> **YOUR GOAL**
Please repeat, exactly and without pictures, the lines of the entries below that run from the one containing "Rowboats drift across" through the one containing "Hvis en kunde".
──────── DATA PROVIDED
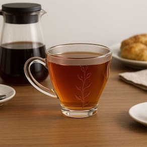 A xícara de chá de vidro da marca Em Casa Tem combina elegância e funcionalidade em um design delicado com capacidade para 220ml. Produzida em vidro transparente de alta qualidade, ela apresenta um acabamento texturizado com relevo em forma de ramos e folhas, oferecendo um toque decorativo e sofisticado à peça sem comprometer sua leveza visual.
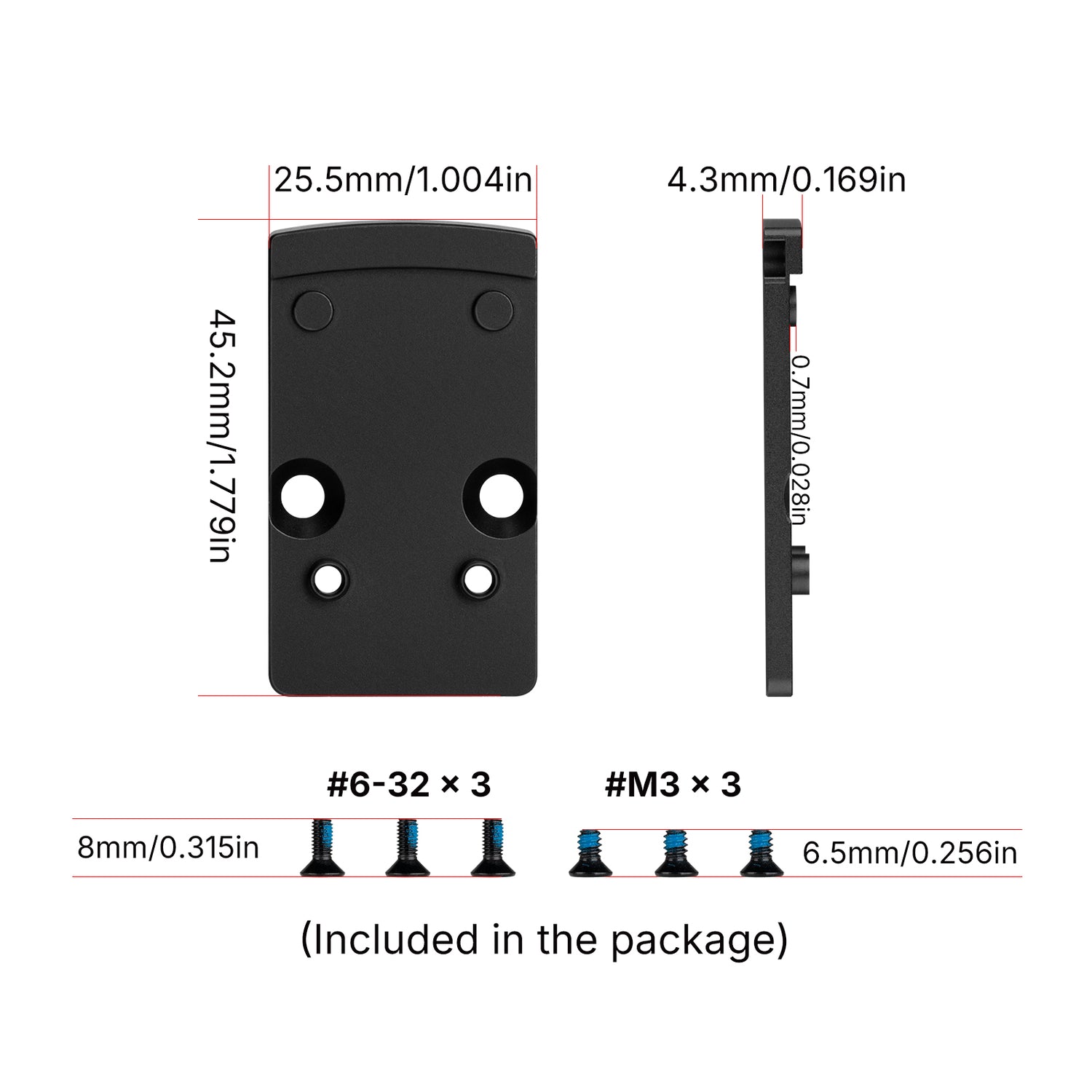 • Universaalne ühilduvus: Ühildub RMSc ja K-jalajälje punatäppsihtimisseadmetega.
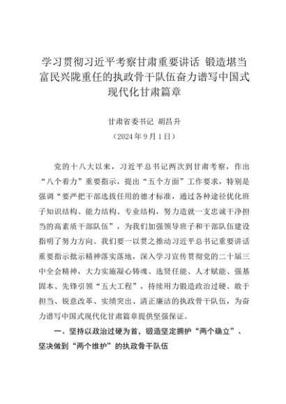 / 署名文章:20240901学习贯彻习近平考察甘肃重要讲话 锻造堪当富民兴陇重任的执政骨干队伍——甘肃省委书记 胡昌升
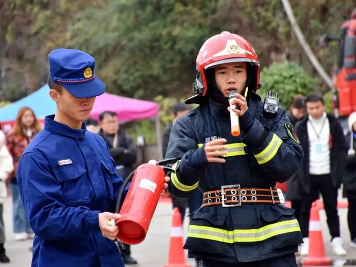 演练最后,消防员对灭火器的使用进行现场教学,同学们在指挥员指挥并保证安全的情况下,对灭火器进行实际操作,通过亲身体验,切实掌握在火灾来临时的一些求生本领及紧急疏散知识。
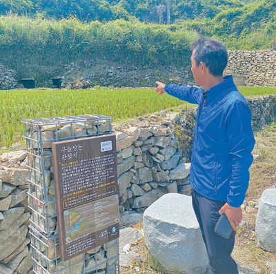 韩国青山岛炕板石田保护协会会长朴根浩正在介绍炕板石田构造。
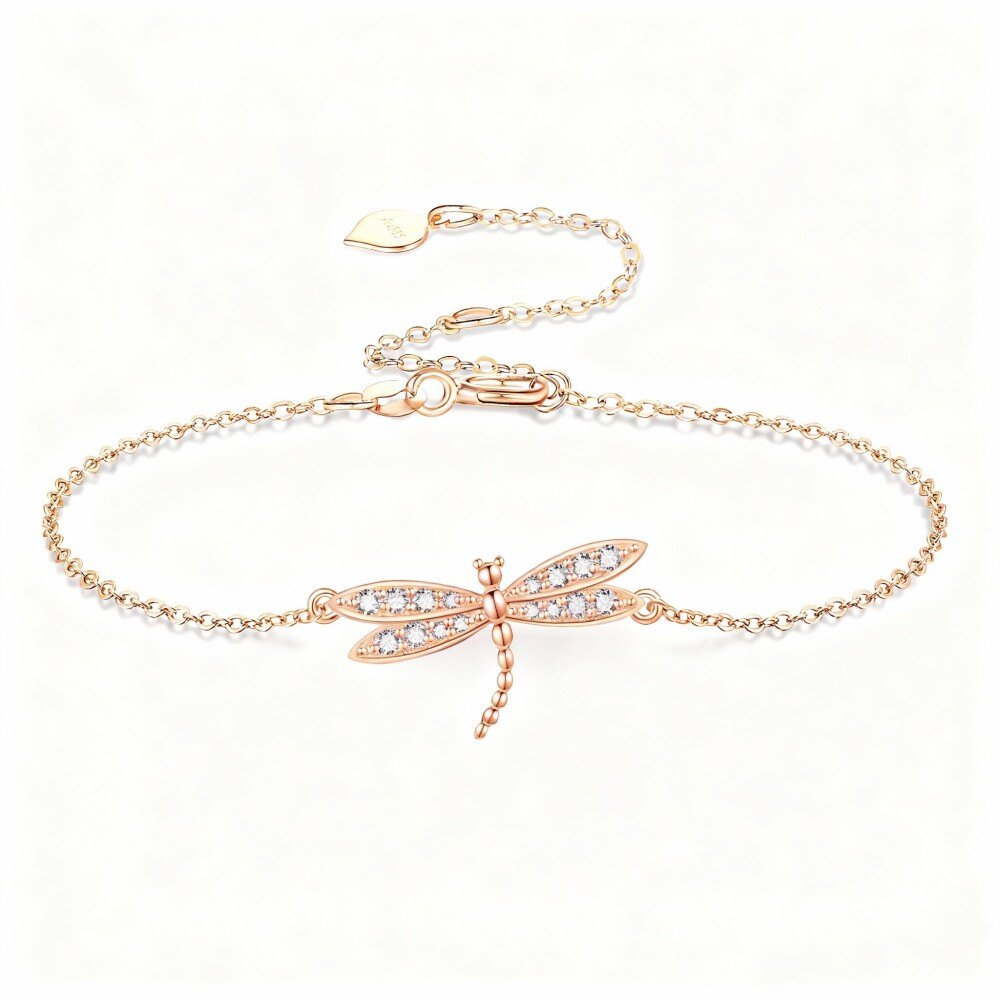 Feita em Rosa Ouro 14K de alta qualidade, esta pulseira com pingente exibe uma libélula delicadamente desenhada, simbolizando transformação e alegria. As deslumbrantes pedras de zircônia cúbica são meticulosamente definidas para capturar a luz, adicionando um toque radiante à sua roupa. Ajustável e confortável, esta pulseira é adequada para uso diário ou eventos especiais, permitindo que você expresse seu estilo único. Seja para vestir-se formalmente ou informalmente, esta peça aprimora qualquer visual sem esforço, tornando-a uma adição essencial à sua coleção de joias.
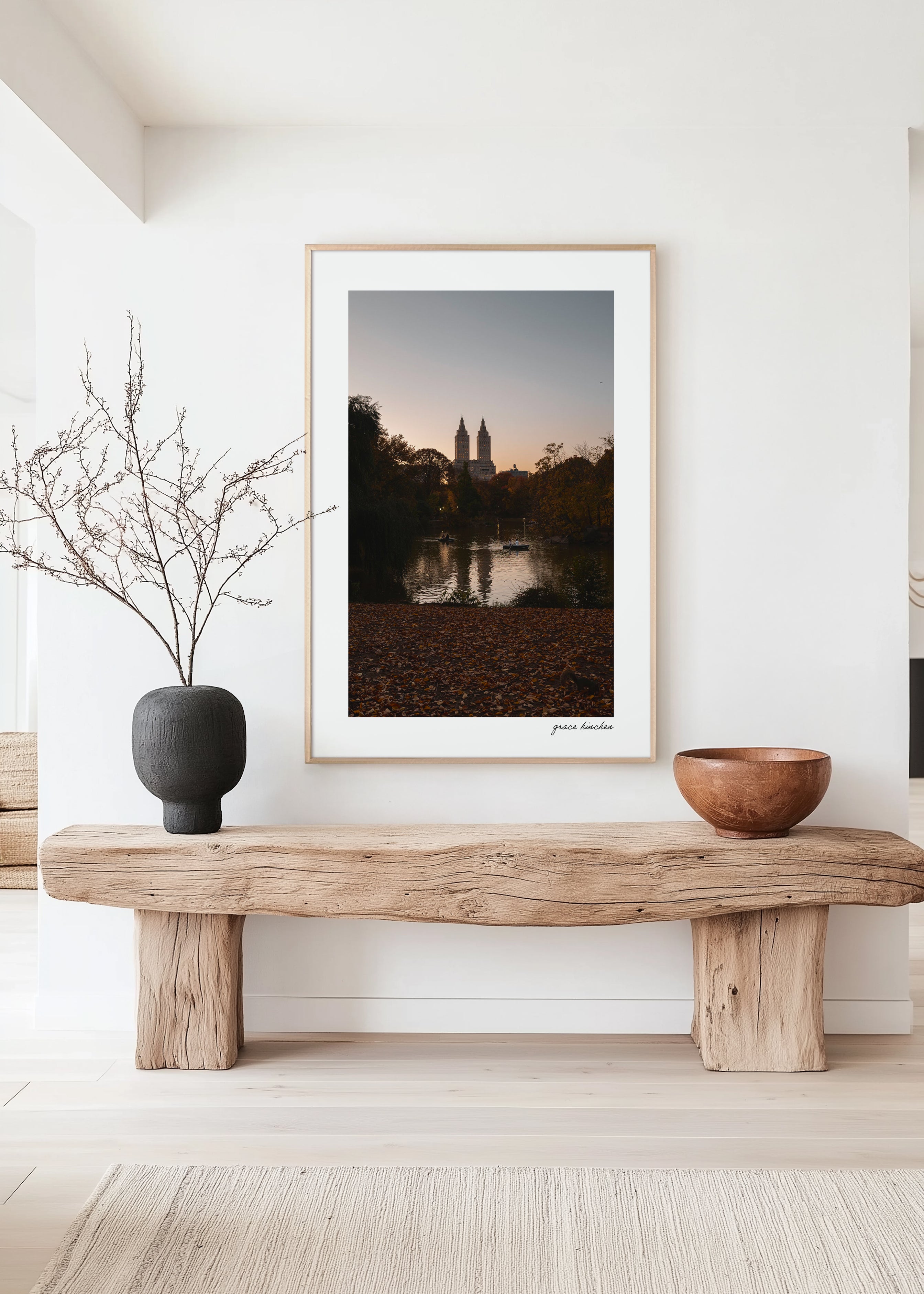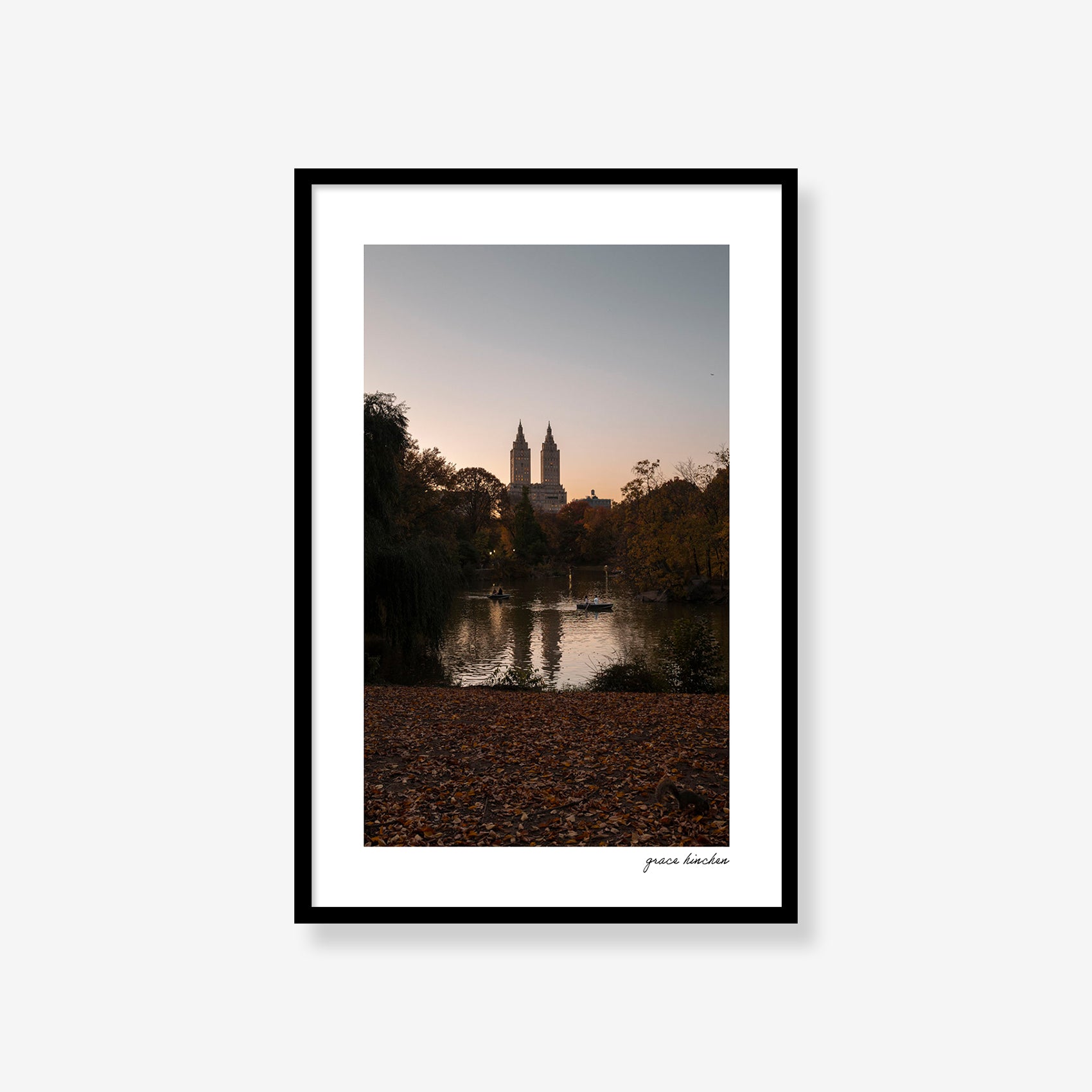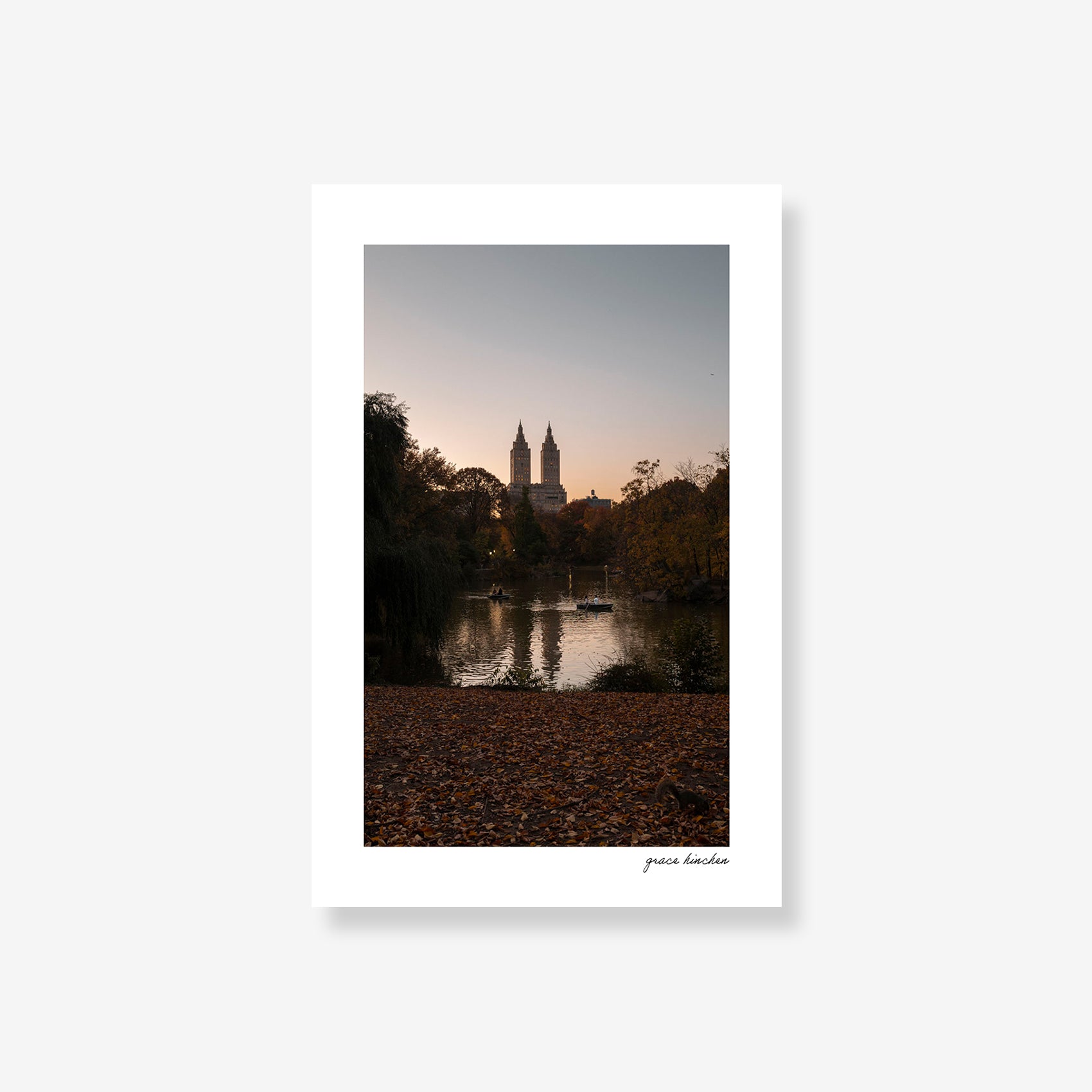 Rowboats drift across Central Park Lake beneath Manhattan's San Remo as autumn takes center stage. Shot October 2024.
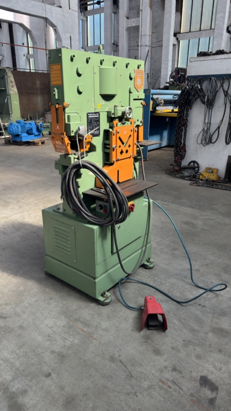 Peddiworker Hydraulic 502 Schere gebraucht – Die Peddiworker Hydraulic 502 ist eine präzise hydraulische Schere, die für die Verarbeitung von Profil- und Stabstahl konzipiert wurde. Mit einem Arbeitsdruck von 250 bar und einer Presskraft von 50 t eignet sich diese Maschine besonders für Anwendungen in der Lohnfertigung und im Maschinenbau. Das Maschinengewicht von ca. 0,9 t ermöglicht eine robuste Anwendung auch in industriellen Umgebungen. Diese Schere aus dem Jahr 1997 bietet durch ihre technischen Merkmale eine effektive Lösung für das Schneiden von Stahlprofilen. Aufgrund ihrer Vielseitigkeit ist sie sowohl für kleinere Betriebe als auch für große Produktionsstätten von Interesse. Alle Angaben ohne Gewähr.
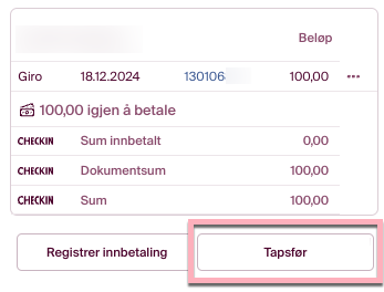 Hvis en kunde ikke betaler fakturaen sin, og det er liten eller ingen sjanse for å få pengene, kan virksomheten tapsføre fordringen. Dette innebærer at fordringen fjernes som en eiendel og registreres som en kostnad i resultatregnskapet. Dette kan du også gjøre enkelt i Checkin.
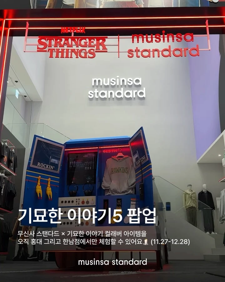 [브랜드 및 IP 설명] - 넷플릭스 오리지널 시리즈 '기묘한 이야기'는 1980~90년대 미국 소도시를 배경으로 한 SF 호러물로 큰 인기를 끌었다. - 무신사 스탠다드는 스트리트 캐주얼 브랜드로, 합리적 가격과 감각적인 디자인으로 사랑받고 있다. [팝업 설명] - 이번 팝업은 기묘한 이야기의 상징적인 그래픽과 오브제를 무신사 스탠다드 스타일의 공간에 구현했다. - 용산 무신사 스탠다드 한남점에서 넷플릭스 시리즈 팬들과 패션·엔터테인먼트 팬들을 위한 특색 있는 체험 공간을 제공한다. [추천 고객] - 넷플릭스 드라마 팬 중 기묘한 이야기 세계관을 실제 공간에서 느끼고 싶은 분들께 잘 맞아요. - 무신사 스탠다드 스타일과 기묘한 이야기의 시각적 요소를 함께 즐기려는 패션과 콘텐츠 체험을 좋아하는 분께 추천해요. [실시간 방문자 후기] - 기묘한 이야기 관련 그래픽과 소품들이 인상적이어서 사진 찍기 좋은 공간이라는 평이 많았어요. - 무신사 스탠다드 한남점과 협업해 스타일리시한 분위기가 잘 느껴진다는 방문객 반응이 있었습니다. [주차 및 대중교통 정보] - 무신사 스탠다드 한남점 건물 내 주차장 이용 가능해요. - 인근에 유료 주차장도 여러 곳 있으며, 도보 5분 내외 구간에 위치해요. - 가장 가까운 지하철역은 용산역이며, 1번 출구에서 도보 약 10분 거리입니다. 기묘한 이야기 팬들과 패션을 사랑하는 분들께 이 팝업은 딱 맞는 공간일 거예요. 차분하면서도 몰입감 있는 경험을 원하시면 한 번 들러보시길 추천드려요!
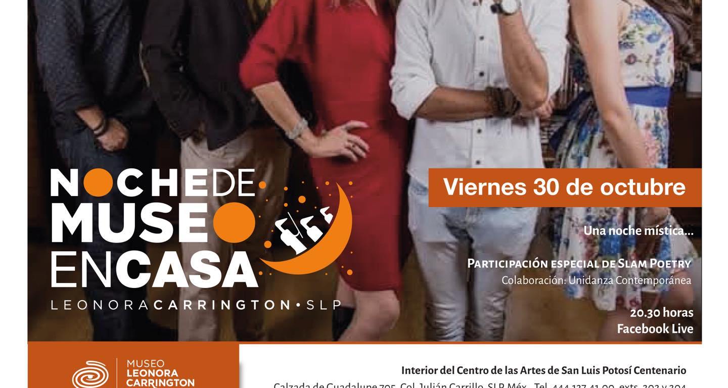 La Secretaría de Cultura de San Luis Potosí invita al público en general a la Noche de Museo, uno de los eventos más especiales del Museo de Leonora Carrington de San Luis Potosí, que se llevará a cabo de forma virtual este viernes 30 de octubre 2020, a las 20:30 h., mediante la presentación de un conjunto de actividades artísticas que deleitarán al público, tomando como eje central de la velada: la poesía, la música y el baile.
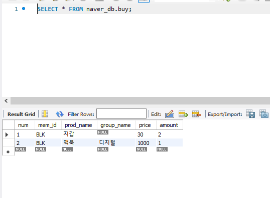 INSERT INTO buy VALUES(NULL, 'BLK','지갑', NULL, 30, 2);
────────────────
> **RESULT**
 Rowboats drift across Central Park Lake beneath Manhattan's San Remo as autumn takes center stage. Shot October 2024.
 Peddiworker Hydraulic 502 Schere gebraucht – Die Peddiworker Hydraulic 502 ist eine präzise hydraulische Schere, die für die Verarbeitung von Profil- und Stabstahl konzipiert wurde. Mit einem Arbeitsdruck von 250 bar und einer Presskraft von 50 t eignet sich diese Maschine besonders für Anwendungen in der Lohnfertigung und im Maschinenbau. Das Maschinengewicht von ca. 0,9 t ermöglicht eine robuste Anwendung auch in industriellen Umgebungen. Diese Schere aus dem Jahr 1997 bietet durch ihre technischen Merkmale eine effektive Lösung für das Schneiden von Stahlprofilen. Aufgrund ihrer Vielseitigkeit ist sie sowohl für kleinere Betriebe als auch für große Produktionsstätten von Interesse. Alle Angaben ohne Gewähr.
 Hvis en kunde ikke betaler fakturaen sin, og det er liten eller ingen sjanse for å få pengene, kan virksomheten tapsføre fordringen. Dette innebærer at fordringen fjernes som en eiendel og registreres som en kostnad i resultatregnskapet. Dette kan du også gjøre enkelt i Checkin.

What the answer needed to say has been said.